The complete source code and content of https://tinychameleon.com.
The build steps within this repository are only tested on MacOS; they are
almost guaranteed to be tied to the ecosystem, as they use brew
liberally
and do not consider Linux at all.
New posts can be created using the scripts/hugo
script, or if direnv
is
installed, simply hugo
. This script simply proxies normal Hugo commands
into a containerized version of Hugo for easier dependency management.
This project is built using Hugo and Docker; the Makefile default
target is the server
recipe which runs a local development server.
Manual installation of dependencies can be done via make deps
, but they are
also installed by default via the server
recipe.
All deployments for this website rely on the Azure command line tool to copy
data into blob storage. The installation of the tool is handled automatically
during make deps
.
The website infrastructure can be deployed to Azure using make infra
, but
note that Azure Deployment Manager does not support all the necessary pieces
for activating static website hosting. To set up the infrastructure, these
steps will need to be taken:
- run the
infra
recipe and wait for the deployment to complete; - activate the storage account static website hosting via the Azure web portal;
- create a CloudFlare proxy record via the web portal which points to the storage account static website address.
Publishing the website content is done via make deploy
; a production build
and infrastructure changes will be automatically run if necessary.
Builds can be run manually via make build
and removed via make clean
.
There are a few required configuration values, which depend on what recipes are being run. The Makefile will error if a recipe requires a missing value.

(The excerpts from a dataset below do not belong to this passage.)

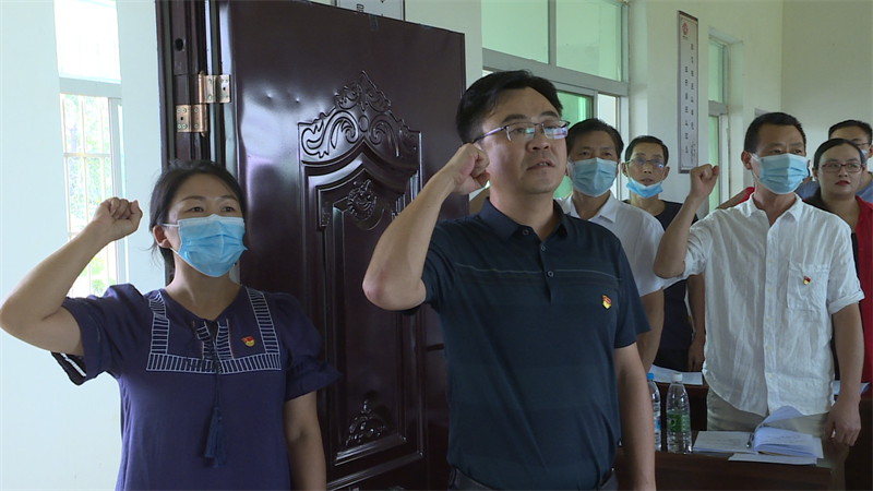 "我志愿加入中国共产党,拥护党的纲领,遵守党的章程,履行党员义务,执行党的决定……",全体党员面对党旗,庄严宣誓,表达了自己对党的忠诚信仰和随时准备为党和人民牺牲一切,永不叛党的坚定决心。
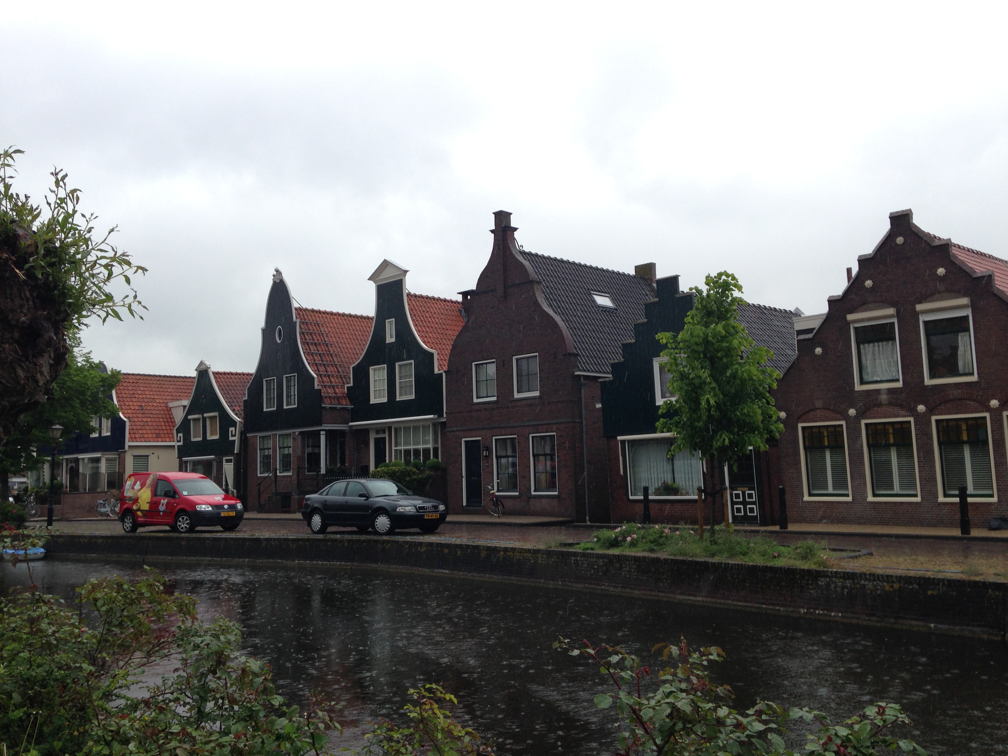 Na cidade, visitei a Cheese Factory Volendam, uma fábrica de queijos local. A visita foi meio “pega turista”. Explicaram como era produzido o queijo holandês, mas a explicação foi superficial e deixou bem claro que a intenção era vender o queijo produzido na empresa. Ainda sobre os queijos, fiquei impressionada ao saber que a Holanda possui 4 milhões de vacas, quer dizer, 1 vaca para cada 4 habitantes. Os holandeses são mestres na fabricação de queijos e exportam ¾ de sua produção. Mesmo assim, os holandeses comem muito queijo; são 21 quilos por habitante/ano (muito, não?!). Saindo da fábrica de queijos fomos ao Porto para comer um peixinho frito, prato típico local, e esperar nosso barco para visitar a Ilha de Marken. Marken, hoje uma península, é outro vilarejo fofinho ao norte da Holanda. É uma colônia de pescadores que ainda mantém os antigos costumes holandeses. As casas são todas pintadas em preto e verde, mas isso não se deve à uma estratégia de design e sim por razões econômicas; como a região era muito pobre, as tintas eram feitas a partir de matérias-prima naturais como ervas e alcatrão.  Deem uma olhada.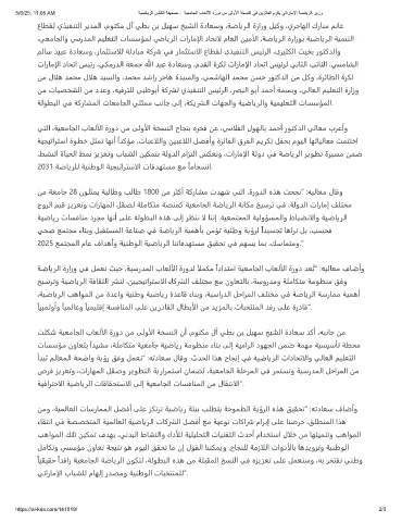 2025 ﻊﻤﺘﺠﻤﻟا مﺎﻋ فاﺪﻫأو ﺔﻴﻨﻃﻮﻟا ﺔﻴﺿﺎﻳﺮﻟا ﺎﻨﺗﺎﻓﺪﻬﺘﺴﻣ ﻖﻴﻘﺤﺗ ﻲﻓ ﻢﻬﺴﻳ ﺎﻤﺑ ،ﻚﺳﺎﻤﺘﻣو.”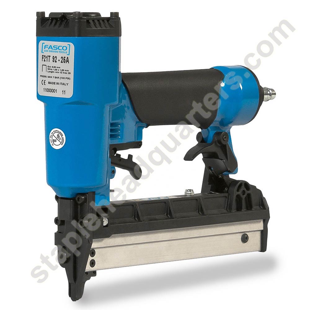 Fasco F21T 92-25A pneumatic staple gun. Uses Bostitch SL5035 5/16" crown 18 gauge staples. Takes from 3/8" up to 1" leg length (19 - 25 mm). Staples are similar to BeA 92/192, Atro 92, Prebena H. Stainless steel and divergent staples available.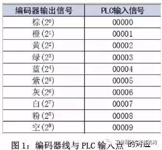 (3)图1 为绝对值型编码器的线与PLC 输入的点的对应图,图2 为NPN 输出绝对值型E6C3-AG5C 的实际接线图,红色线接电源正极,黑色线接电源负极,褐色线接输入0.00,橙色线接输入0.01,黄色线接输入0.02,绿色线接输入0.03,蓝色线接输入0.04,紫色线接输入0.05,灰色线接输入0.06,白色线接输入0.07,粉色线接输入0.08,PLC 的COM 接电源正极。

The current required configuration values are:
AZ_RESOURCE_GROUP
— The Azure resource group name;AZ_STORAGE_ACCOUNT
— The Azure storage account name;AZ_DEPLOYMENT_NAME
— The Azure resource group deployment name;CLOUDFLARE_API_TOKEN
— The CloudFlare API bearer token for authentication;CLOUDFLARE_ZONE_ID
— The domain zone within CloudFlare
The notable trade-off with this infrastructure approach is the website does not have its own SSL certificate. CloudFlare's free SSL option uses shared certificates across a handful of sites. This group of sites has the ability to spy on each other's requests. At this time, this is of sufficiently low danger that it is not considered a threat to reader privacy.
In exchange for this certificate sharing the website:
- is protected from attacks without my active involvement in mitigation;
- can utilize apex domain name flattening to host no-www and mx records;
- can redirect www subdomain to apex.
At this point these free features are a large benefit compared to the small risk of the shared certificate.
Website content and content source files are CC BY 4.0 licensed. Supporting code to build, develop, and deploy the website is BSD 3-Clause licensed.